In the latest issue of the Journal of Economic Perspectives, the journal has gone all-in on YIMBY with a three-paper symposium on housing. The second paper is about changes in rates of homeownership and benefits and costs of homeownership. The first and third papers, though, are both basically making the same point: housing is way too expensive in many productive US cities, mainly because of excessive restrictions on building new housing stock, and allowing more housing supply is the best way to solve the problem.
This is the basic hypothesis behind the YIMBY movement - which stands for "yes in my backyard", in contrast with the more familiar NIMBY movement: "not in my backyard". There are local YIMBY organizations popping up all over the country, especially in the cities with very high housing costs like the Bay Area and New York. YIMBY-ites attend local zoning board meetings and argue for loosening housing restrictions, which puts them at odds with some traditional urban/liberal/environmentalist types who for a long time have believed that excessive development is bad for the economy and bad for the environment.

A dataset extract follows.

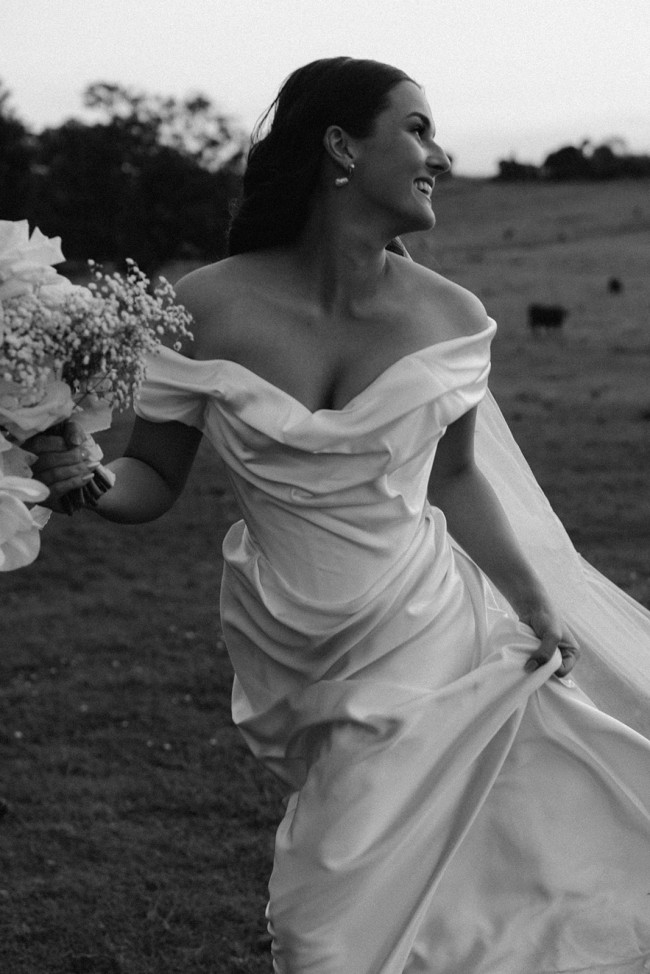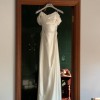 From 2024 collection, in pearl white heavy silk satin fabric. I had customised on the bodice to pin the dress to create the ruching appearance. The waist in the corset was taken in 1cm. I didn’t really need this however felt more comfortable. The corset is stretchy so I feel it is lenient with sizing. I wore 3 inch heels and I’m 167cm tall. I did hem the dress however not by much and still wanted it long to drag on the floor.

There's a great argument to be made though that restrictions on high-density urban development are pretty terrible for the environment since they shift people away from living in the city - where people are generally more energy-efficient - and into the suburbs. Ed Glaeser made this point several years ago:
In much of the country, cars are the biggest carbon emitters, and density determines driving. Households in areas with more than 10,000 people per square mile average 687 gallons of gas per year, while households in areas with fewer than 1,000 people per square mile average 1,164 gallons of gas per year.
Glaeser is also the co-author of the first paper in the JEP symposium, which nicely summarizes the potential efficiency gains of increased urban development and the political obstacles:
The available evidence suggests, but does not definitively prove, that the implicit tax on development created by housing regulations is higher in many areas than any reasonable negative externalities associated with new construction. Consequently, there would appear to be welfare gains from reducing these restrictions. But in a democratic system where the rules for building and land use are largely determined by existing homeowners, development projects face a considerable disadvantage, especially since many of the potential beneficiaries of a new project do not have a place to live in the jurisdiction when possibilities for reducing regulation and expanding the supply of housing are debated.
The other article on housing supply reinforces this view. Startling (to me) was the fact that the US spends more than twice as much subsidizing homeowners (more typically non-dense, suburban, middle or upper class) than it does subsidizing renters (more typically dense, urban, middle or lower class).
But remember that the federal government spends far more on subsidies for homeowners than it does on subsidies for renters, this in the form of the mortgage interest deduction ($71 billion), the deduction for real estate taxes ($31.4 billion), and the tax exclusion on capital gains from housing ($24.1 billion). Taken together, these numbers from 2015 totaled more than double the combined costs of support for low-income non-homeowners like Section 8 housing vouchers ($29 billion), the low-income housing tax credit ($7.6 billion), public housing ($6.5 billion), and accelerated depreciation ($4.7 billion), which is a tax benefit for rental apartment owners who use federal low-income tax credits.
[BTW While both of these articles focus on the efficiency losses of housing restrictions and the huge potential productivity gains of eliminating them, the effect of the restrictions on the environment is only mentioned in passing.]